Qurob had no mind to wait for death, for he had often sent death
to others, or given them death; Qurob grasped death might be unlikable. So he
cut his own throat and his corpse fell in the river.
And those many hundred who had come to see and who watched, not
comprehending any of it, were filled by terror and amazement, though not, let
it be said, by grief.
8
POSSIBLY
the tale of the stallion was untrue, or exaggerated. Generally only the warrior
in battle chose to ride an ungelded horse, and then not always, for they were
intractable beasts. Perhaps there was some other cause for King Qurob’s guilty
fear and self-immolation.
Whatever it was, there he lay still, on his face, drifting downstream
and turning the brown water red.
Several thousands of people watched his corpse on its way, lining
the banks to do so, or staring out from high roofs and balconies. And where the
harbor was, the birdlike ships were lying with their wings noon-folded and
dipped, but men climbed up to the mastheads or hung over the sides, looking out
for the throat-cut king of the city. Word had gone fast through Nennafir. ‘‘And
is it the
lord
?”
they cried. “What reason has
he
to kill himself, the
ingrate, when I, with so many good reasons, estimably cling to life?”
But if Qurob heard he gave no answer, as he went drifting by on
his face.
And some said, “He was a bad master.

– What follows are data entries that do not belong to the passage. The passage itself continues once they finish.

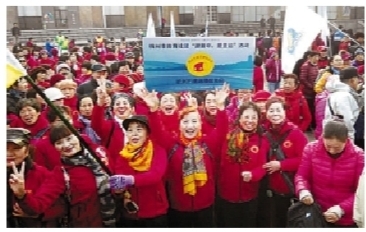 昨日上午,数千名市民齐聚杭州的滨江射潮广场,参加了由杭州市体育总会主办的杭州市体育社团“迎新年、迎亚运”活动。来自12个社团的队员们身穿各具特色的队服,上至91岁老人,下至七八岁的孩子,徒步8公里喜迎新年。
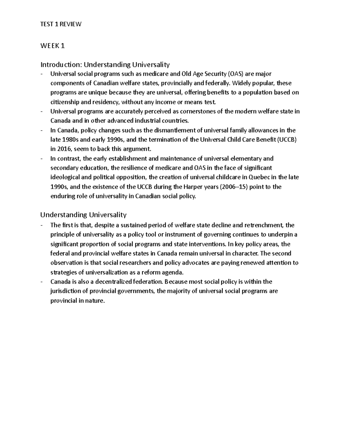 TEST 1 Review - WEEK 1 Introduction: Understanding Universality ...
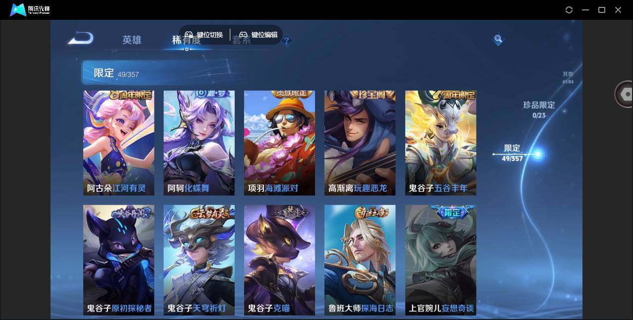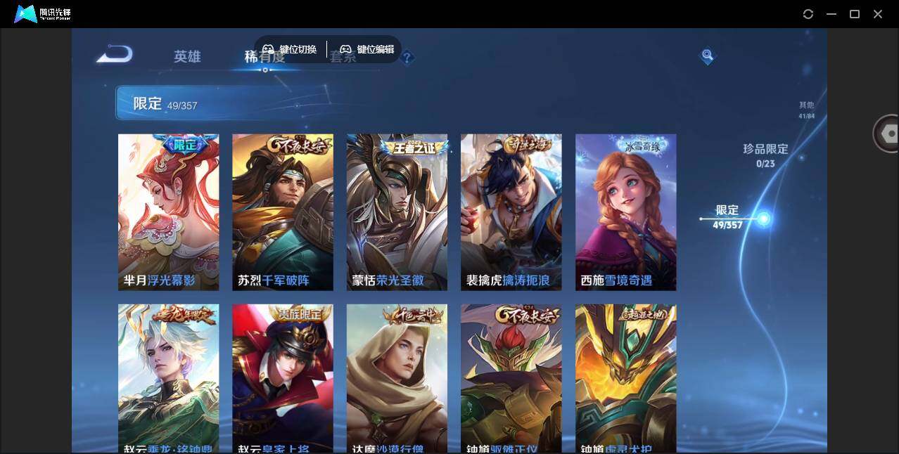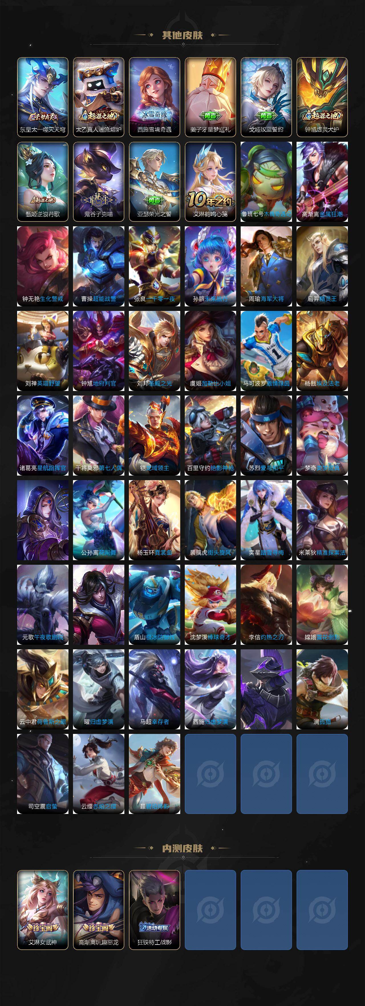 【限定皮肤】:蒙犽顽岩魄,姜子牙天穹之誓,狄仁杰阴阳师,赵云皇家上将,墨子神迹守卫,庄周高山流水,高渐离玩趣恶龙
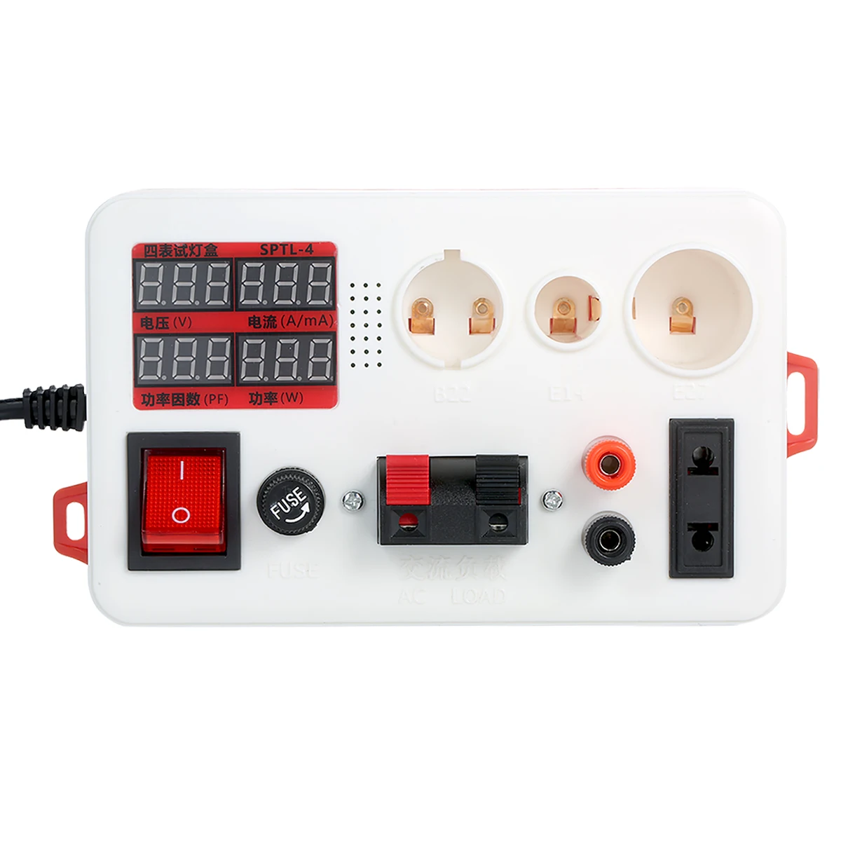 [Одна машина для нескольких целей] двойной переключатель управления, испытательное напряжение + ток + мощность + коэффициент мощности, подходит для тестирования полуготовых или готовых ламп (B22, E14, E27 Тип лампы, нагрузка переменного тока, кабельный зажим).
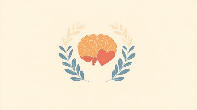 A calm and soft-toned logo for World Mental Health Day, incorporating symbols of a brain, heart, and mindfulness for mental health promotion
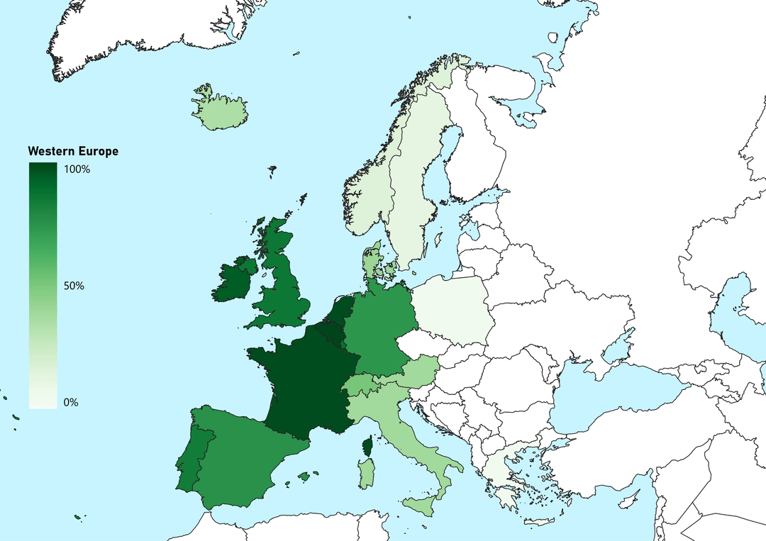 Western Europe doesn’t seem quite so strongly influenced.
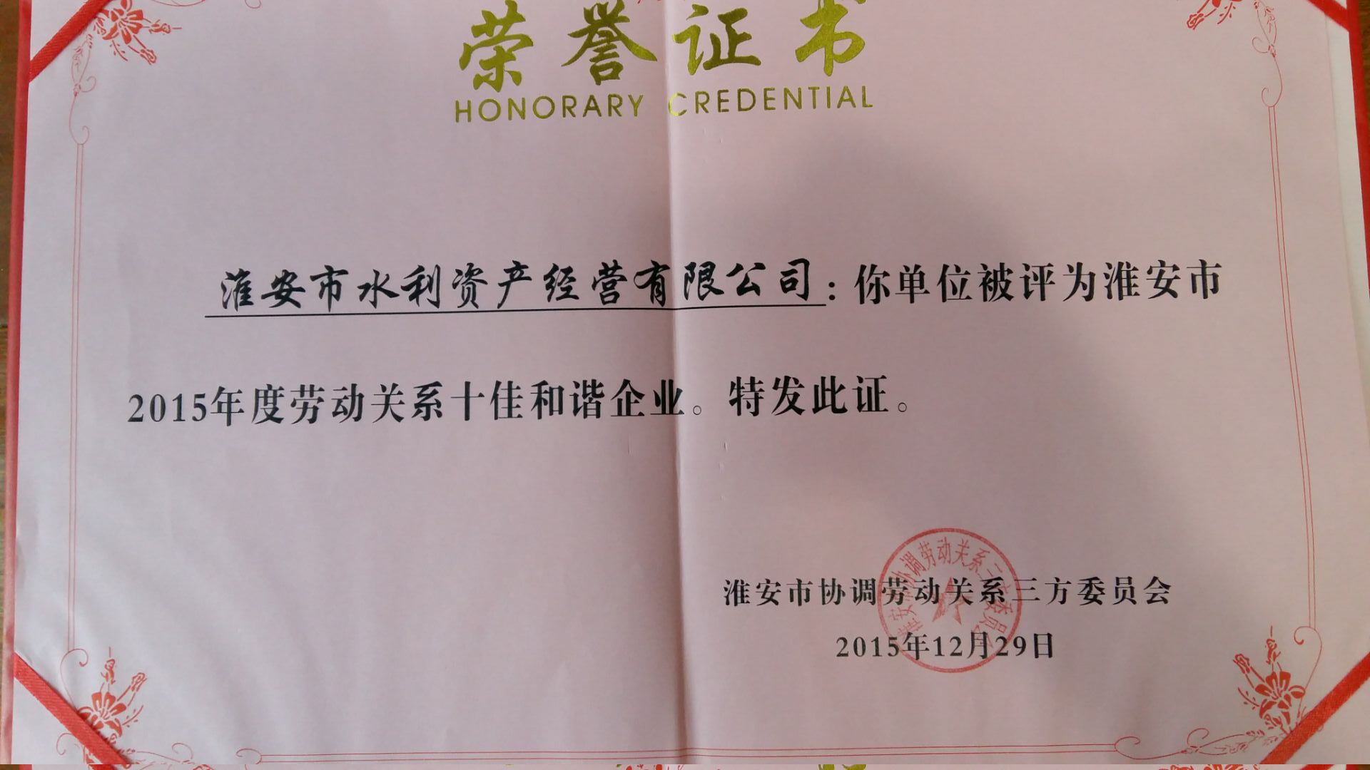 2015年度勞動關系十佳和諧企業
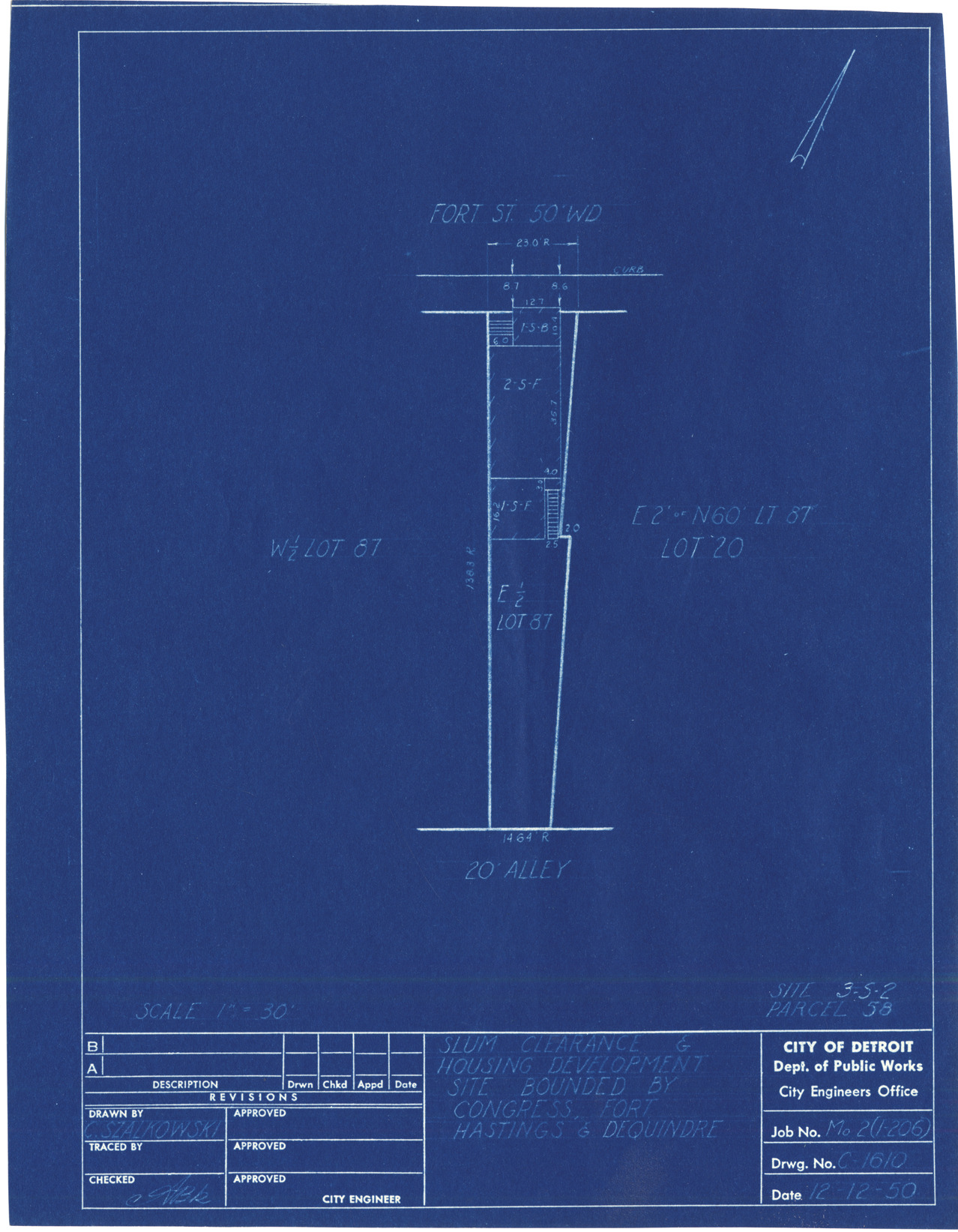 Plot plan for property located on Fort, parcel 58, site 3-S-2. Recorded on blueprint: "Slum clearance & housing development site bounded by Congress, Fort, Hastings & Dequindre."
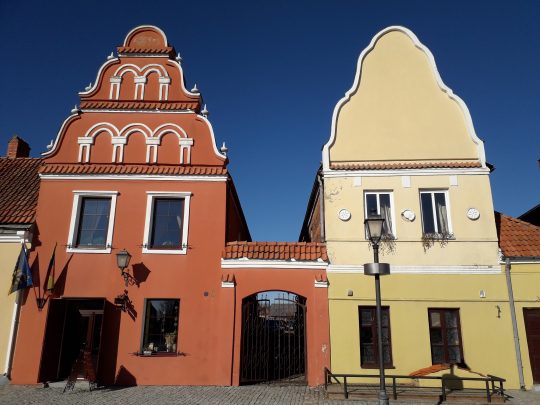 Rynek. Czerwony dom w głębi po prawej stronie to kamienica burmistrza Jerzego Andersena
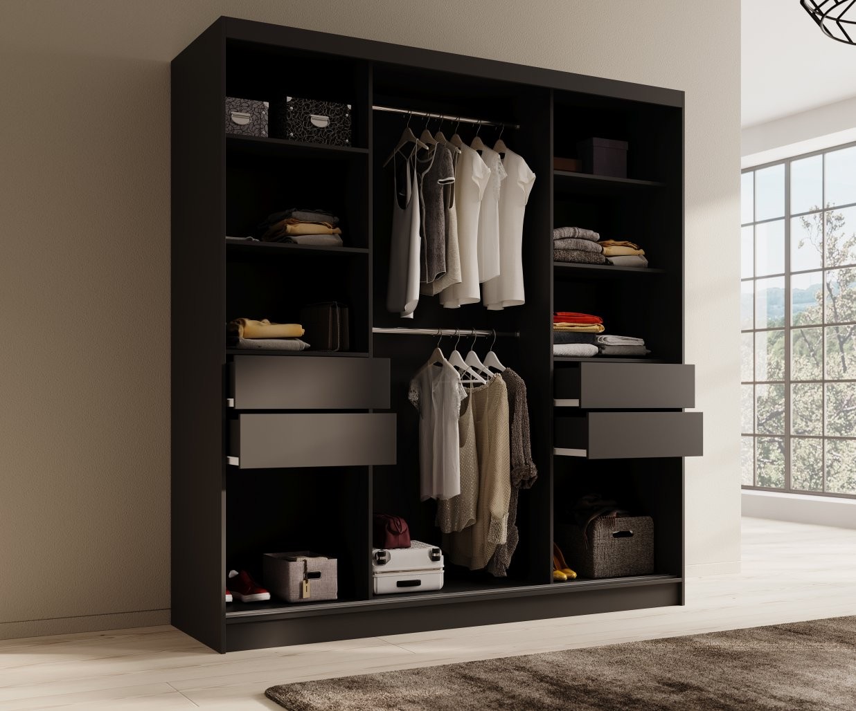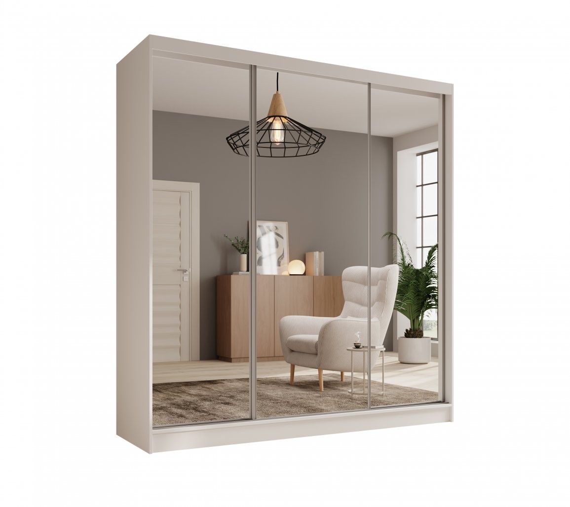 Drsna omara Tola 200 z ogledalom je popolna izbira za vse, ki želijo združiti sodoben dizajn s funkcionalnostjo. S svojo širino 200 cm in višino 215 cm nudi veliko prostora za shranjevanje oblačil, posteljnine in drugih predmetov.
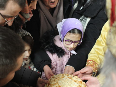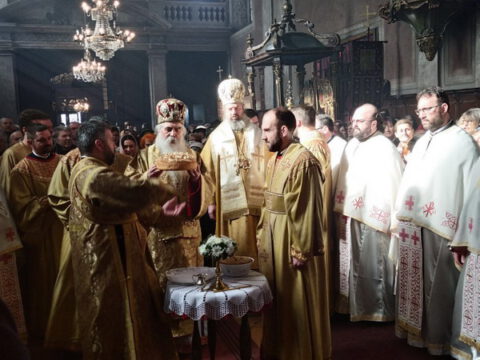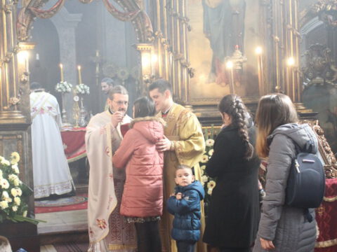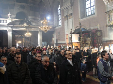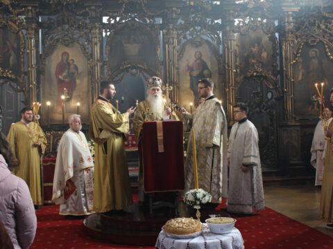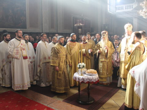 После заамвоне молитве, владика Иринеј благословио је принесене славске дарове, колач и жито.
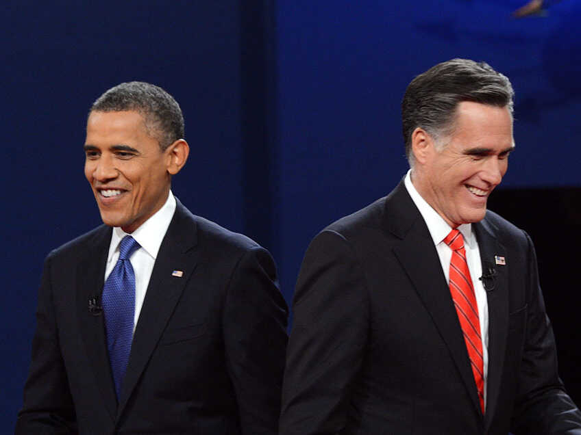 President Obama and Republican presidential candidate Mitt Romney finish their debate at the University of Denver on Oct. 3. Saul Loeb/AFP/Getty Images hide caption
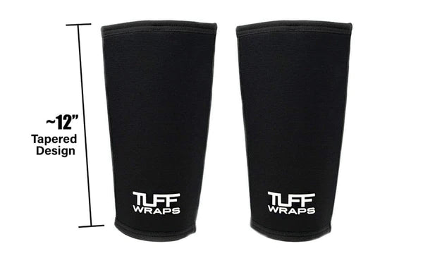 TuffWraps® 7MM Competition Knee Sleeves (SOLD IN PAIRS)is our competition ready knee sleeves! These are longer than your typical knee sleeves at 12.0 inches. The side seams and tapered design allows for a much better fit. The support and compression of these are undeniable and help to promote better blood flow. Experience support, warmth, and reduce any unnecessary strain on your knees. TUFF Competition Knee Sleeves are perfect for squats, powerlifting, and strongman training.

But who is next may be
worse.”
Qurob had left many sons, and daughters, lust being his pastime.
Some of these were children, but others older. And there were some of
twenty-five years and more, that he had sired when he was the heir. These might
be expected to squabble and the kingdom not to be the better for it.
Then, far down the river, various sightseers thought they caught
another sight, that of a man in an orange robe, walking over the water where
there was no bridge. Still others spied him on the quays. He was a beggar, a
rich lord. He played a pipe of jade, or merely stood musing, gazing downstream. . . .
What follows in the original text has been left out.